Looking for algorithms to 'sync' recordings of speech

Let's say I have recording of two persons (A & B) reading the same block of text. Of course their voices sound different, they read at different speeds, etc. But let's assume:

they read exactly the same text
they have the same accent
there's no coughing, hiccups, major background noise, etc.
no major reading errors

Basically, we can assume both the reading and the recording are pretty 'clean'. What's a good algorithm to 'sync' up the recordings ?

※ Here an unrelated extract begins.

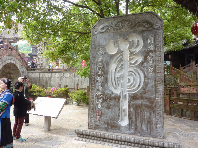 这根石柱耸立在土家风情园的中央,高12米,直径为1.2米,这上面还用一笔连成的鲁班文写着【汇集武陵精神,传承土寨风情】十二个大字。

By 'sync' I mean you somehow break up the recordings into a sequence of 'sound bites', and the two recording share the same sequence, and the algorithm should output the time each speaker spent on each sound bite. For example:

sound-bite-0: t=[0.1,0.3] for A; t=[0.11, 0.28] for B
sound-bite-1: t=[0.32,0.39] for A; t=[0.29, 0.35] for B

Each 'sound bite' can be a word, a syllable, a group of words, etc, but let's say sound bites should be between 0.1 to 2 seconds (or any reasonable range) in length.

There's no need to do speech recognition on the recording, in fact if they read a list of unintelligible, random syllables, the algorithm should still work. Bonus point if the algorithm works on songs too.

submitted by by_321
[link] [5 comments]

Looking for algorithms to 'sync' recordings of speech

Trending Articles

ZARIA CUMMINGS

Practice Sheet of Right form of verbs for HSC Students

BREAKING NEWS: Early success in Chinn appeal bid

Betrayer - 04 (2004)

Police arrest and charge wanted man Ryan Griffin

CC1310: FCC ID Help

Michel Roux roast duck with cherries, cherry sauce and potatoes recipe on...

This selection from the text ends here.